Trade wars will be a boon for trade schools. Some enrollees believe that knowledge work has become "oversaturated." — Robb Mandelbaum, Bloomberg Businessweek

Manhattan rents will keep climbing: "Manhattan rents hit a record high for the fourth time in the past five months — and there's no relief in sight." — Paulina Cachero, Bloomberg News

Heat domes remain fatally unpredictable. They're the cause of recent record-breaking temperatures and a menace to the public. But they're still very difficult to forecast. — Brian K. Sullivan, Bloomberg Green

Bars could soon get quieter: Many claim "the rising licensing costs [for music] have become overwhelming, and some question whether it's even worth playing music at all." — Ashley Carman and Aruni Soni, Bloomberg News

The "humanization of pets" will continue, according to Bloomberg Intelligence. And sales in the global pet industry could rise as much as 38% to nearly half a trillion dollars by the end of the decade. — Bloomberg Intelligence (Terminal subscribers only)

What Are the Chances...

Plausible-But-Unlikely Stuff Keeps Happening

There is a meme in forecasting circles that nothing ever happens: It means that as the news highlights this or that new possibility, the smart money is often betting that things stay the same. But sometimes stuff really does happen!

Every quarter we check back on the prediction markets cited in this newsletter, and last quarter we reported that nearly every market we'd cited that had resolved one way or the other had ended up at least leaning in the right direction. If it said over 50% chances, the event in question usually happened, and vice versa. 

But last quarter the markets didn't perform as well. As of this writing, 22 of the markets we cited have resolved — and only 14 leaned toward the actual outcome. Some of the misses were so bad that if you score the markets using a classic measure of accuracy, the average prediction was barely better than a coin flip.
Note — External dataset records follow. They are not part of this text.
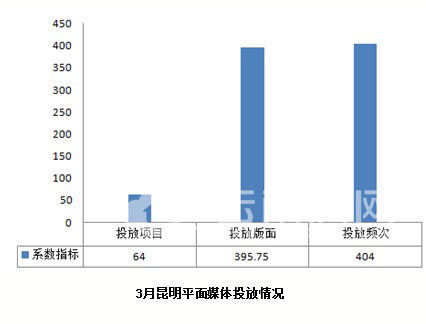 放量猛增:從昆明房地產(chǎn)廣告整體投放情況來看,3月投放量較1、2月投放強(qiáng)度明顯增強(qiáng),3月投放項(xiàng)目較2月多44個(gè),投放版面多345.25版,投放頻次多349次。
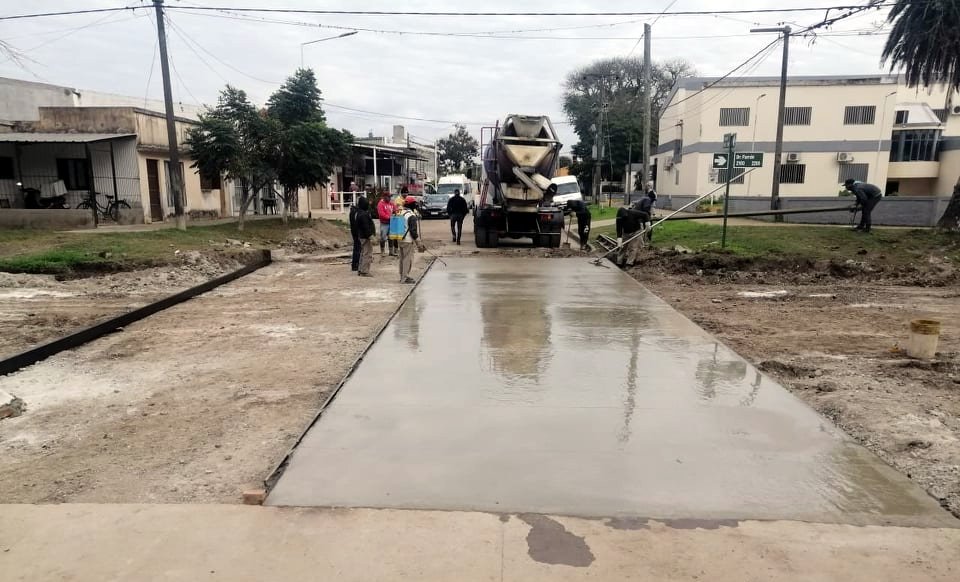 Esta tarea se realiza con hormigón elaborado para subsanar el deterioro sufrido en el pavimento flexible construido por la empresa ICA S.R.L.; sin tener respuesta hasta el momento por parte del Gobierno Provincial para que se la intime a finalizar la obra.
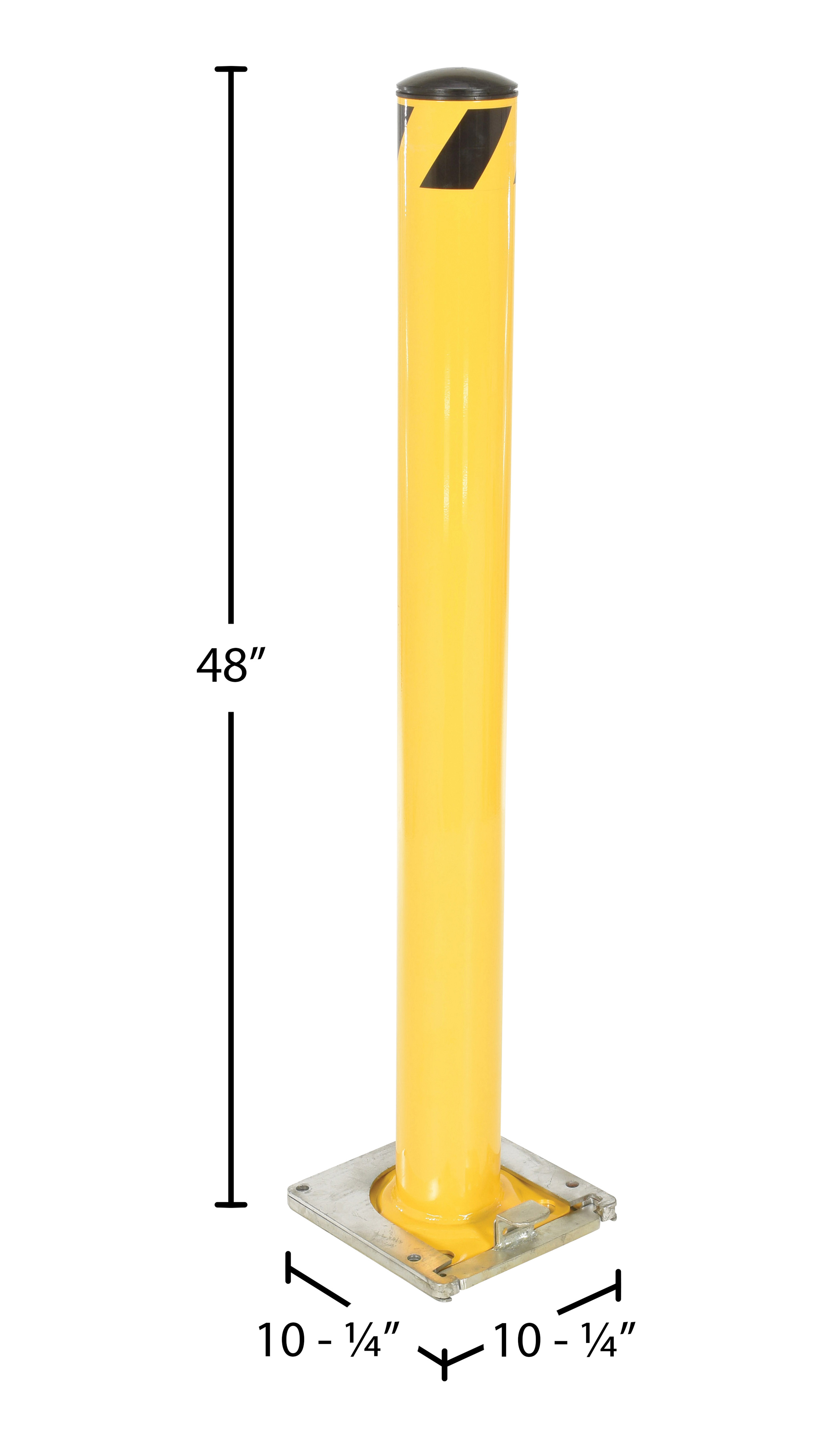 Steel Surface Mounted Removable Pipe Safety Bollard 48 In. x 4-1/2 In. YellowThis steel pipe safety bollard can be used both indoors and outdoors to protect work areas, racking and personnel. Surface mounted steel base plate allows for quick and easy bollard removal. Steel base plate is bolted in place. Guard is easily inserted into base plate then locked in place. Base plate includes pre-drilled mounting holes. Plastic caps are removable. Powder coated safety yellow finish. Welded steel construction.
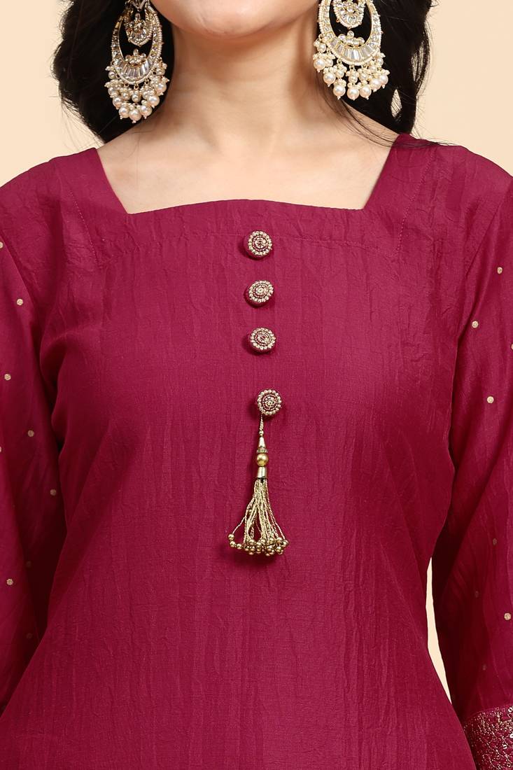 Boah, dieses Salwar Anzug Set ist ja der absolute Hingucker! Aus weichem Samt gefertigt und in einem tollen Rosaton kommt es daher - perfekt für besondere Anlässe. Das Set besteht aus drei Teilen: einer wunderschön verarbeiteten Kurta mit 3/4-Ärmeln und Rundhalsausschnitt, einer passenden Salwar (das sind diese typischen weiten Hosen) und einem luftigen Dupatta-Tuch aus Organza. Die ganze Kombi ist mit aufwendiger Sequenz-Stickerei und Schnittarbeit verziert, die richtig edel aussieht. Die Maße sind: Kurta 109,2 cm, Ärmel 43,2 cm, Salwar 96,5 cm und der Dupatta ist ganze 2,25 Meter lang - damit kannst du dich richtig elegant drapieren. Unser Model (1,52 m groß) trägt Größe S, also achte bitte auf die Größenangaben. Ob Hochzeit, Festivals oder Familienfeiern - in diesem Outfit wirst du definitiv alle Blicke auf dich ziehen! Das Beste: Es kommt fertig genäht an, du musst also nichts mehr anpassen lassen. Einfach auspacken, anziehen und strahlen!
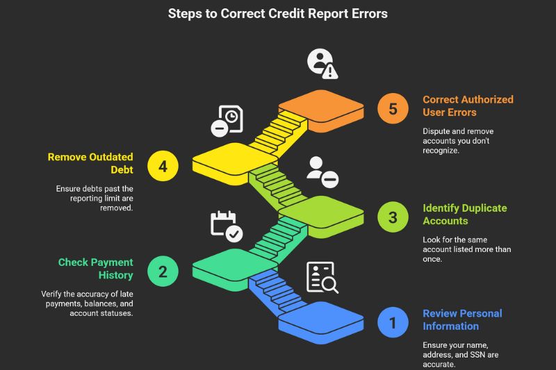 Common credit report errors include wrong personal information, incorrect late payments, wrong balances, duplicate accounts, outdated debts, and authorized user mistakes. These errors can appear when lenders send incorrect data or when credit reporting agencies mix files.
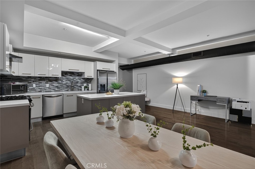 Urban Loft Living Meets Flexible Design Potential at Newberry Lofts on Historic Pine Avenue. Step into this expansive 1,140 sq. ft. open-concept studio loft in one of Downtown Long Beach’s most desirable boutique buildings. With soaring ceilings, oversized windows, warm laminate wood flooring, and a spacious walk-in closet, this home delivers the modern loft aesthetic buyers love—plus rare potential to create a true 1- or even 2-bedroom layout. The generous floor plan allows for easy addition of walls or partitions to customize the living space to fit your lifestyle, whether you prefer a private bedroom, a creative studio, or a hybrid live-work environment. The sleek kitchen features quartz countertops, a large island, gas range, stainless appliances, and an open flow ideal for entertaining. The full bathroom includes a tub/shower combination and ample storage. Enjoy the convenience of in-unit laundry, central AC, secure controlled access, and gated subterranean parking. Located in the vibrant heart of Downtown Long Beach, Newberry Lofts places you just steps from Pine Avenue’s best restaurants, cafés, galleries, nightlife, the Metro A/Blue Line, Shoreline Village, The Pike, and the waterfront. This is walkable, car-optional living at its best. Whether you're seeking a stylish urban retreat or a flexible layout you can customize, this unique loft offers exceptional value, design potential, and an unbeatable location. Welcome to Newberry Lofts—where modern convenience meets historic charm.

What's interesting is that the errors don't seem random (yes, very small sample size, but hear me out). Events that the markets thought were really unlikely seldom happened; those they thought were coin flips happened about half the time. Those they thought were likely usually happened, too. 

You can see in the chart below one category where most of the misses clustered: Half of events that forecasters thought were plausible but unlikely — maybe a one-in-three chance — ended up occurring.
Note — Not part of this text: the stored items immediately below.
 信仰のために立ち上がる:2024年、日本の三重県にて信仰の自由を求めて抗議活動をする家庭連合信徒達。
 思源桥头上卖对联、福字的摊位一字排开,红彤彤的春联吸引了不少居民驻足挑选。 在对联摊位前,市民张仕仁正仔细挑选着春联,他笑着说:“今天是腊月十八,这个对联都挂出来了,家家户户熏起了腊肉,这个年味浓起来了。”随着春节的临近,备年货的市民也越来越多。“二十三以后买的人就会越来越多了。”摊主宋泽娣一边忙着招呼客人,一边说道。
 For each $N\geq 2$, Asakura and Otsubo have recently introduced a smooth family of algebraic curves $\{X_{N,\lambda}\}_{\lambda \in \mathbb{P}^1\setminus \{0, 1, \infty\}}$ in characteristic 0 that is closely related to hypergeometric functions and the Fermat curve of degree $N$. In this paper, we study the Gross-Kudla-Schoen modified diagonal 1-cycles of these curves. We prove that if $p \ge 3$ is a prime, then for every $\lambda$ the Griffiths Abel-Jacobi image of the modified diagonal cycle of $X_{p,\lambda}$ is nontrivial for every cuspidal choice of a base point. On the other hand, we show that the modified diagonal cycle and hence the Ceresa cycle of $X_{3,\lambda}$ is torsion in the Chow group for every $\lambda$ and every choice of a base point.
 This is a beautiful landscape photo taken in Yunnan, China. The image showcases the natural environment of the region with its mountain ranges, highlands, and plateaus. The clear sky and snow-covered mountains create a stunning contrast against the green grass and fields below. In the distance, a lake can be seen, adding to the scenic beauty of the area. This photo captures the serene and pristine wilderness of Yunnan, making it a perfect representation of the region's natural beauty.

The list of plausible-but-unlikely events that happened all involve either tariffs or attacks on Iran.  The lesson? Stuff does happen. Especially when it involves Donald Trump.

How Markets Have Shifted

That's the recap of markets that have resolved, but what about the ones that are still open? Here are a few that have shifted since we last checked in:

All forecast updates are as of the morning of Friday, July 11, 2025.

— Walter Frick, Bloomberg Weekend

Week Ahead

America's biggest banks report earnings this week, with their trading businesses likely to have benefited from recent volatility.

Monday: India and Argentina report CPI; China reports trade data; EU trade ministers meet in Brussels; the Bloomberg Green conference begins in Seattle.

Tuesday: The US and Canada report CPI; China reports GDP; JPMorgan Chase, Wells Fargo, Citigroup and Blackrock report earnings.

Wednesday: The UK and Italy report inflation data; Bank Indonesia is expected to hold interest rates; the Fed releases its Beige Book of economic conditions; Bank of America, Morgan Stanley, Goldman Sachs and ASML report earnings.

Thursday: The UK reports jobs data; the Eurozone reports CPI; Netflix, TSMC, United Airlines and Pepsi report earnings. 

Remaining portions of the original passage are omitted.